In general, any random number generator needs to be instantiated as an object before use. The resulting object can be called like a function without parameters because it overloads operator(). Every call will then lead to a new random number. It is that simple.
In this section, we wrote a program that is much more complex than that in order to get a bit more information about random number generators. Please play around with the resulting program by launching it with different command-line arguments and realize the following facts:
- The more samples we take, the more equal our partition counters appear.
- The inequality of the partition counters wildly differs between individual engines.
- For a large number of samples, it becomes apparent that the performance of the individual random engines differs.
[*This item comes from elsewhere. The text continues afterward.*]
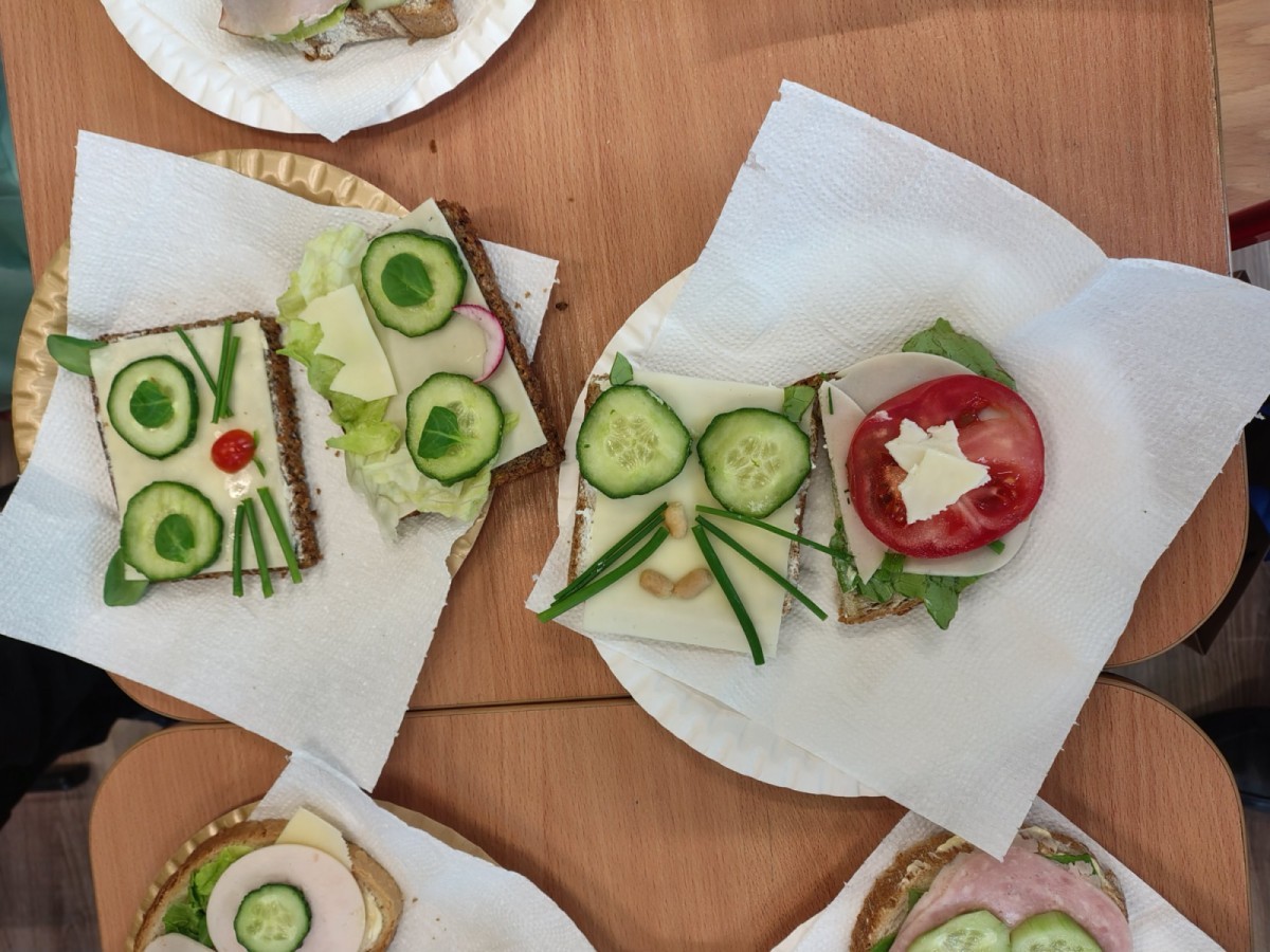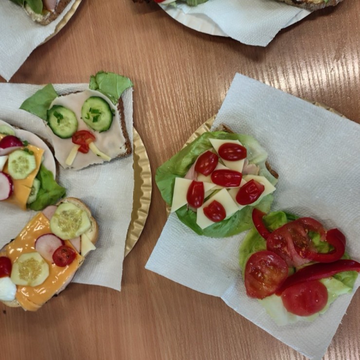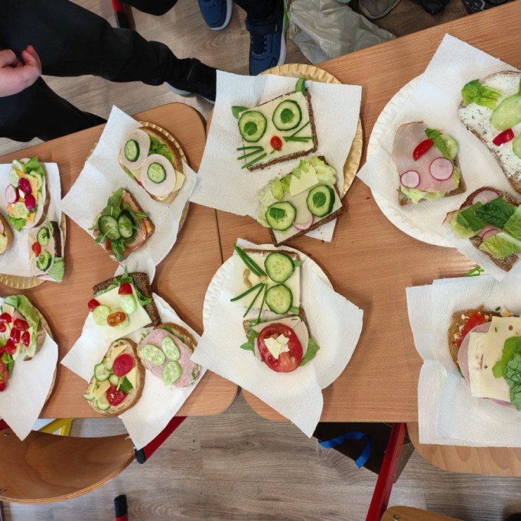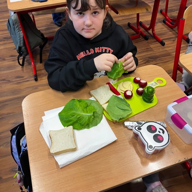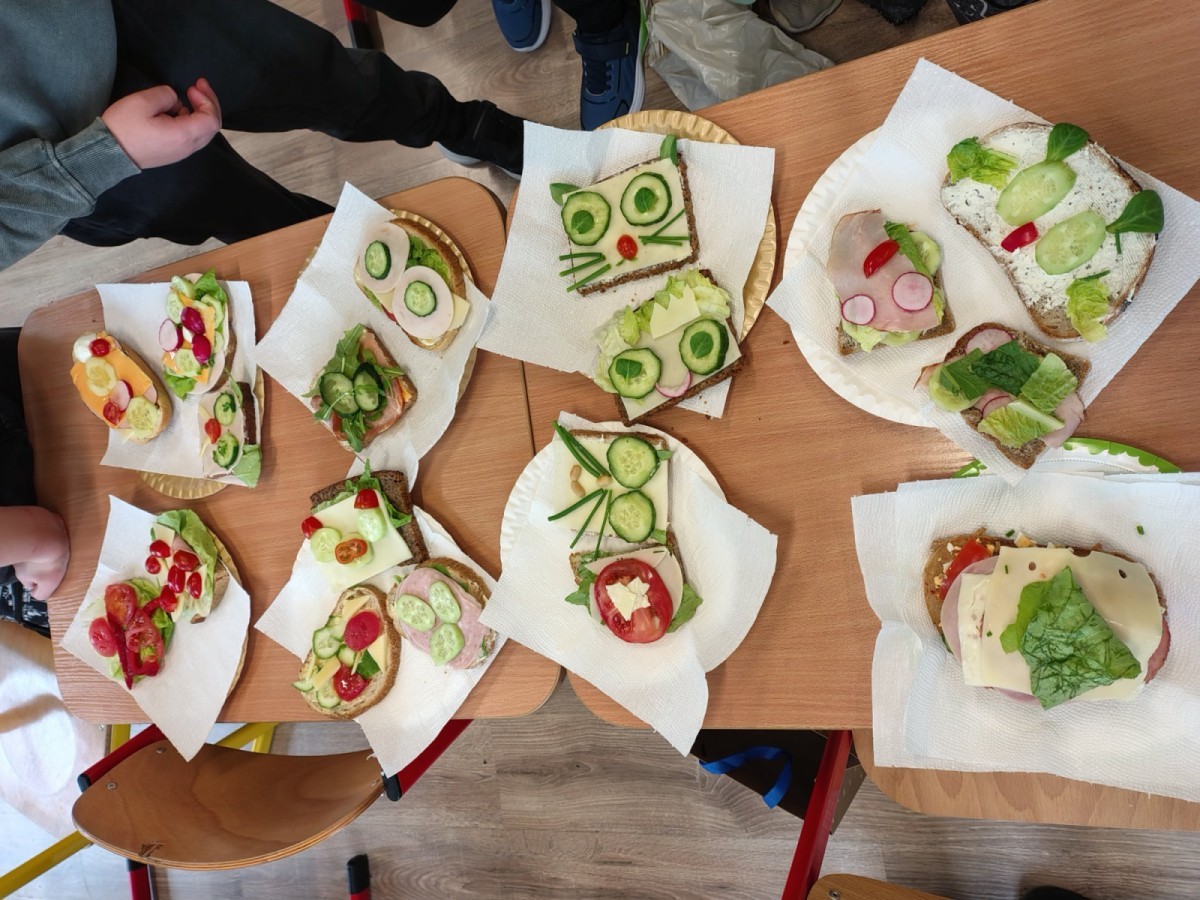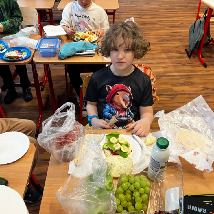 Dzieci z zaangażowaniem przygotowały zdrowe i smaczne przekąski. Na stołach pojawiły się kanapki, owoce, warzywa oraz różnorodne przysmaki. Wspólne spożywanie posiłku było okazją do rozmów, uśmiechu i miłego spędzenia czasu w przyjaznej atmosferze.

- Run the program with a low amount of samples multiple times. The distribution patterns look the same all the time--the random engines produce the same random number sequences repeatedly, which means they are not random at all. Such engines are called deterministic because their random numbers can be predicted. The only exception is std::random_device.
As we can see, there are a few characteristics to consider. For most standard applications, std::default_random_engine will be completely sufficient. Experts of cryptography or similarly security-sensitive topics will choose wisely between the engines they use, but for us average programmers, this is not too important when we write apps with some randomness.
We should carry home the following three facts from this recipe:
- Usually, std::default_random_engine is a good default choice for the average application.
- If we really need non-deterministic random numbers, std::random_device provides us such.
- We can feed the constructor of any random engine with a real random number from std::random_device (or maybe a timestamp from the system clock), in order to make it produce different random numbers each time. This is called seeding.